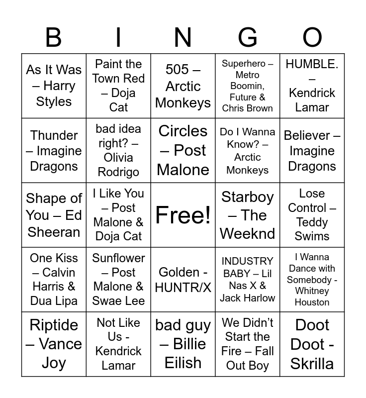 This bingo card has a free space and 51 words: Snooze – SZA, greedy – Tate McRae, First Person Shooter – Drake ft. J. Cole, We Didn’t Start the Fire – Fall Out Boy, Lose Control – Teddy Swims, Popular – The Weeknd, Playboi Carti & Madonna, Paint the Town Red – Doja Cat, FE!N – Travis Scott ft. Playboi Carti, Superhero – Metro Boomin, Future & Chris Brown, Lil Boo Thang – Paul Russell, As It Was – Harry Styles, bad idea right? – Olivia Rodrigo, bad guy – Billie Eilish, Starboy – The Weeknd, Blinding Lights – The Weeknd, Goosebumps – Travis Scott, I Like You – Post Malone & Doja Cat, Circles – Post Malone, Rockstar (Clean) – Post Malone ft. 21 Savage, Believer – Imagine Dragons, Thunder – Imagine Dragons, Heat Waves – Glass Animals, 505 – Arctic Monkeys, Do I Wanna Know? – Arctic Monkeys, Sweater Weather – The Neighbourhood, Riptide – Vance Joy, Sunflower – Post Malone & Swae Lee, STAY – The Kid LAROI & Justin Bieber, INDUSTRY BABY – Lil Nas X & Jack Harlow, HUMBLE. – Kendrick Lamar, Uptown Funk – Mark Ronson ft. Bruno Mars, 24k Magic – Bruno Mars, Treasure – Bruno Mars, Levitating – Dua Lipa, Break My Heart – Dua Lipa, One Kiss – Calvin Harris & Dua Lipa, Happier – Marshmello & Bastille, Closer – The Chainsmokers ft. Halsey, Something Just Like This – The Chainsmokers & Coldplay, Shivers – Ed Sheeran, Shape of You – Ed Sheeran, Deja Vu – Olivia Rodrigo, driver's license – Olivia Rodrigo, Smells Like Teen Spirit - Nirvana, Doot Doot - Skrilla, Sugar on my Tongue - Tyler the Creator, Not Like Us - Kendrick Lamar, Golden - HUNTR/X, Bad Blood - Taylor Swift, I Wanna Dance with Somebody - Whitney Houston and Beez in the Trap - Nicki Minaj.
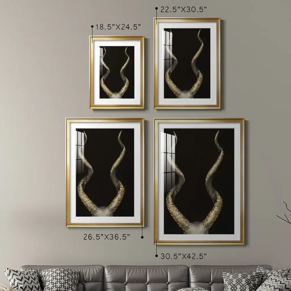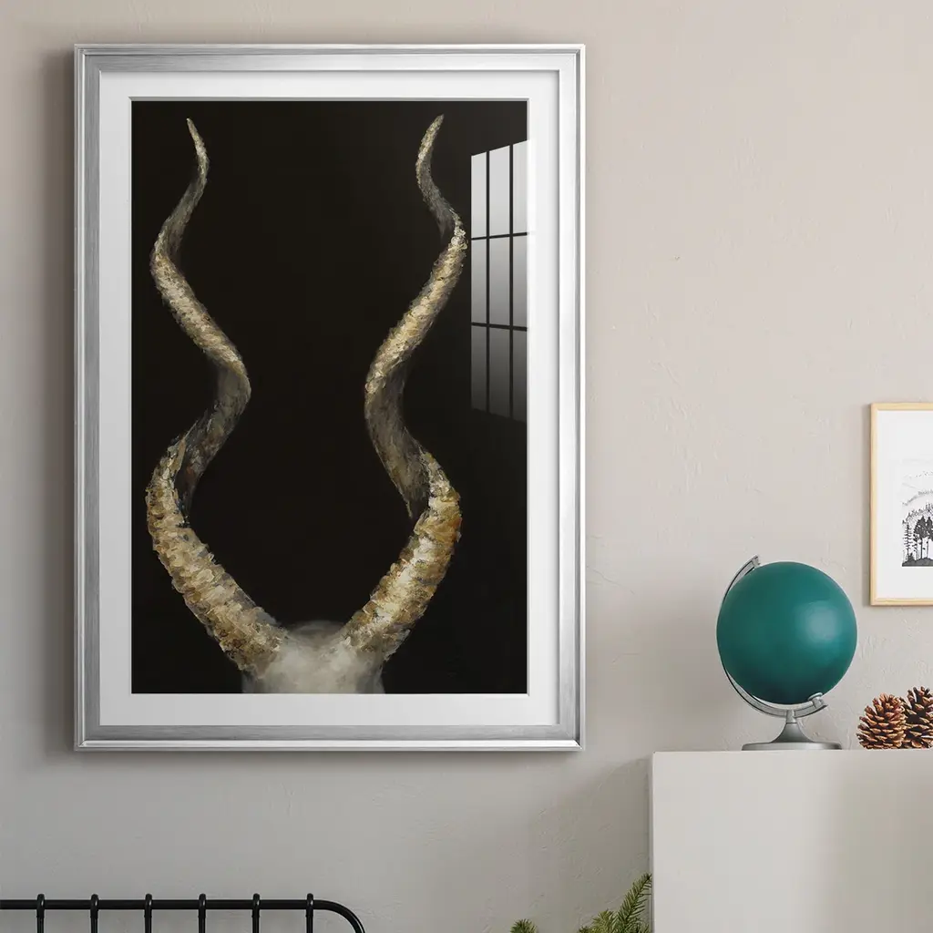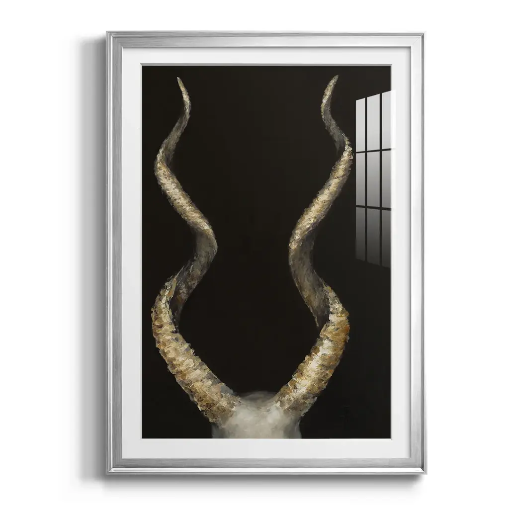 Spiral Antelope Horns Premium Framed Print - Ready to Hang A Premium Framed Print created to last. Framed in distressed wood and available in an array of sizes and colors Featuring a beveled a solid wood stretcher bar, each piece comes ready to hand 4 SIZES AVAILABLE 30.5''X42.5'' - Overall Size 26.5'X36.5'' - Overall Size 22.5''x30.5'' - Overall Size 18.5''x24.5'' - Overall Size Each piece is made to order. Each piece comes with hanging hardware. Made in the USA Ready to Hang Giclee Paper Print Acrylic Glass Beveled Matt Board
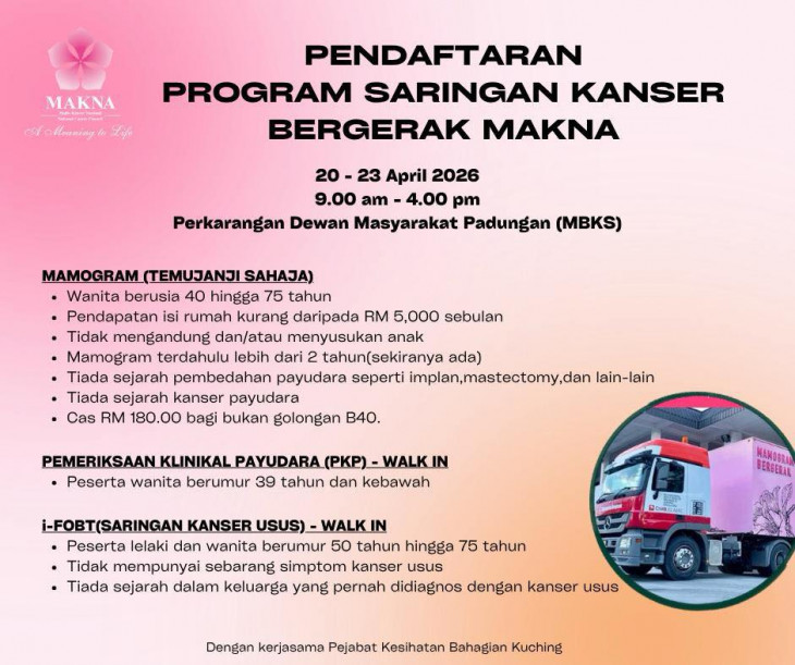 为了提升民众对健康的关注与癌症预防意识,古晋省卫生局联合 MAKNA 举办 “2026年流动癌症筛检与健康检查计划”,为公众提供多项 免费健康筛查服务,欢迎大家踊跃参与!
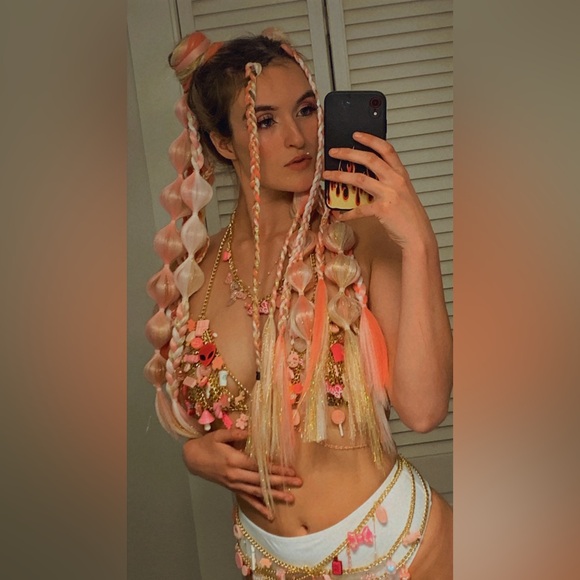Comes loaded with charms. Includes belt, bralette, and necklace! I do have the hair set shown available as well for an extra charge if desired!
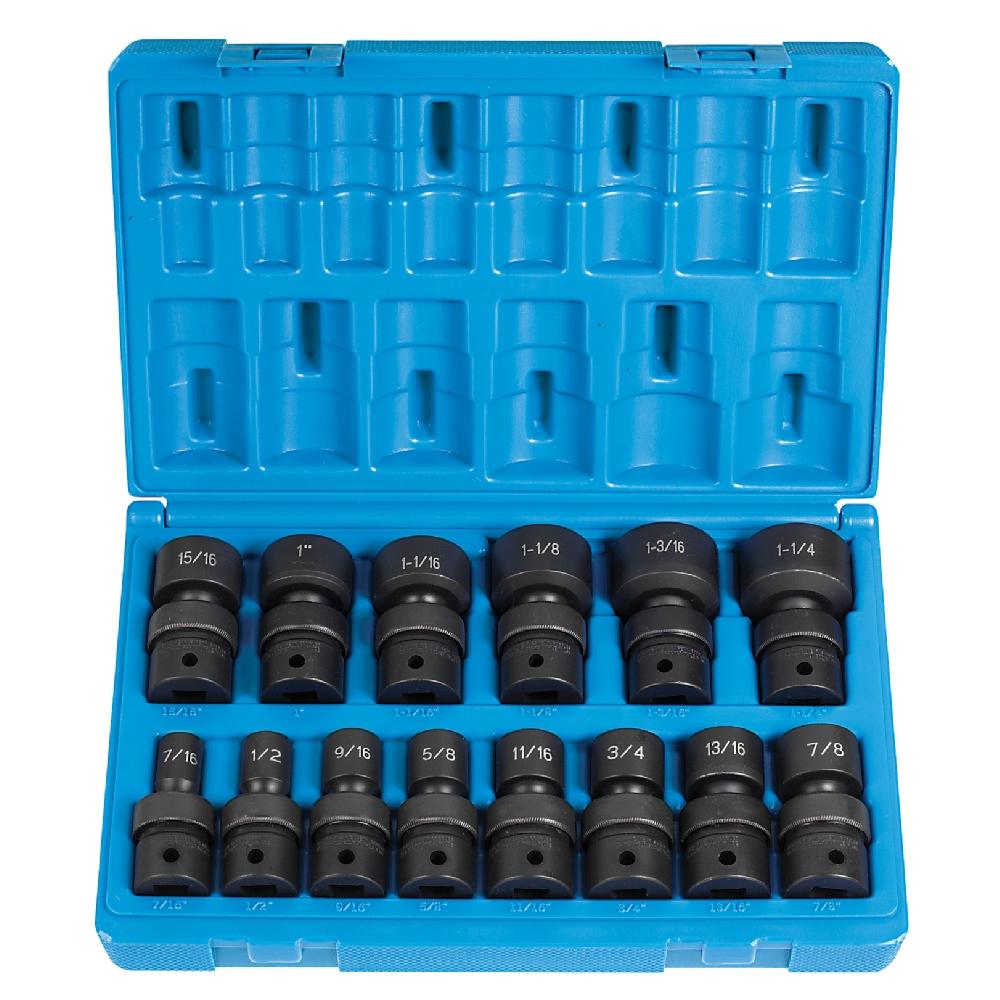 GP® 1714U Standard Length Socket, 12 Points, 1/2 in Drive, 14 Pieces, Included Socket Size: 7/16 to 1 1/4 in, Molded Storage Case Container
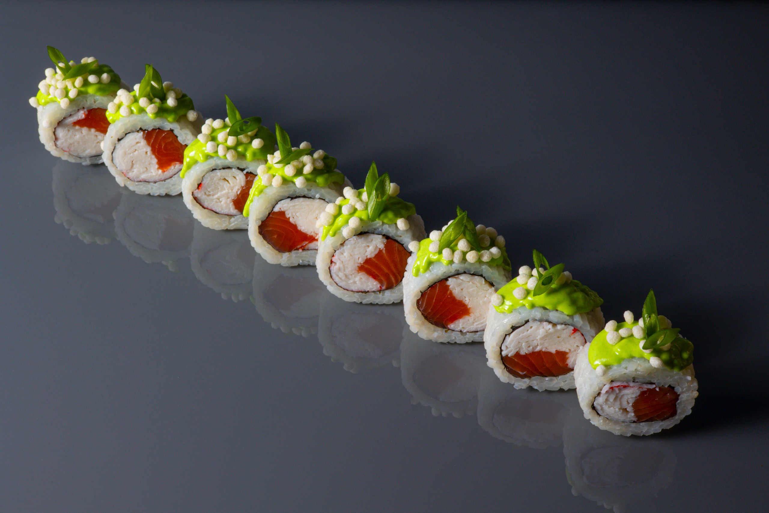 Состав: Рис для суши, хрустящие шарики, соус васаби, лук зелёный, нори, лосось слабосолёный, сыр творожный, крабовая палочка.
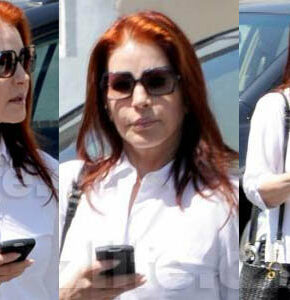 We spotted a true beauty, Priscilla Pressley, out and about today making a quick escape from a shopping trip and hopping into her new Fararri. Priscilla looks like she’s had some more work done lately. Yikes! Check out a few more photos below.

================================

Return word for word the line bearing "为了提升民众对健康的关注与癌症预防意识,古晋省卫生局联合 MAKNA 举办" and every later line of the entries, but none of the pictures.

 为了提升民众对健康的关注与癌症预防意识,古晋省卫生局联合 MAKNA 举办 “2026年流动癌症筛检与健康检查计划”,为公众提供多项 免费健康筛查服务,欢迎大家踊跃参与!
Comes loaded with charms. Includes belt, bralette, and necklace! I do have the hair set shown available as well for an extra charge if desired!
 GP® 1714U Standard Length Socket, 12 Points, 1/2 in Drive, 14 Pieces, Included Socket Size: 7/16 to 1 1/4 in, Molded Storage Case Container
 Состав: Рис для суши, хрустящие шарики, соус васаби, лук зелёный, нори, лосось слабосолёный, сыр творожный, крабовая палочка.
 We spotted a true beauty, Priscilla Pressley, out and about today making a quick escape from a shopping trip and hopping into her new Fararri. Priscilla looks like she’s had some more work done lately. Yikes! Check out a few more photos below.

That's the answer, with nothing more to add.